The law already contains a provision according to which, on the day of the Czech Republic's accession to the EU, the manufacturer shall compensate damage to a product for which he is liable with a lower threshold only in the amount of EUR 500, translated by the exchange rate of the foreign exchange market, as announced by the Czech national bank for the day on which the damage arose or was ascertained. Consequently the reference to the threshold of CZK 5,000 will disappear.

Sale of goods

Most of the provisions were already adopted and are effective. There are 2 exceptions in relation to timesharing contracts, which will come into effect on accession:

  • the Czech Civil Code currently protects consumers where the shared real estate is situated in the territory of the Czech Republic.
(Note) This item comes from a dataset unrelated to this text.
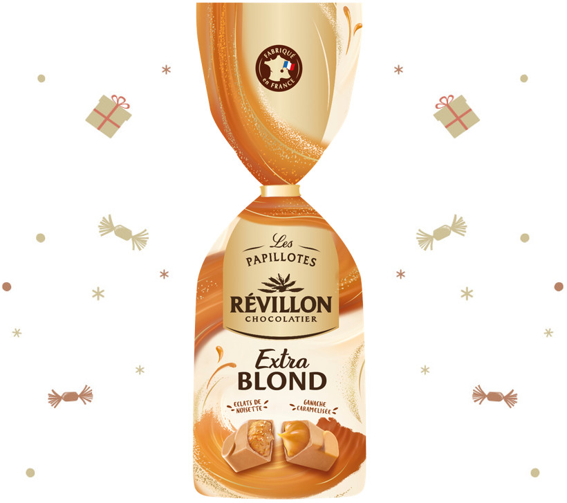 Cette nouvelle papillote haut de gamme doit sa douce teinte blonde à une caramélisation du chocolat blanc qui, en bouche, offre de renversantes notes de biscuit et de caramel.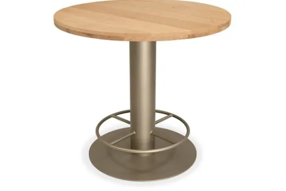 Bartafel Olea van het merk De Houtmaatschappij is verkrijgbaar in verschillende afmetingen en houtkleuren. Deze bartafel heeft een rond tafelblad met een rechte rand en is gemaakt van massief eikenhout. Eikenhout leeft en geeft hierdoor karakter aan jouw meubelstuk. Daarnaast is elk stuk uniek door de nerven en noesten. Deze rechte, metalen tafelpoot heeft een hoogte van 94 cm en wordt geleverd in een champagne kleur.

After accession, the same protection will be granted if the real estate is situated within the territory of the EU
  • the consumer's right to choose the language when the timesharing contracts are concluded with a consumer from an EU member state will become effective on accession.

What can you do to ensure you comply with the new law and prepare for accession?

  • check whether any products you sell are governed by specific safety regulations
  • review your standard agreements with customers to make sure they are compliant with the law; and
  • review the relationship with your customers and ensure they are properly informed.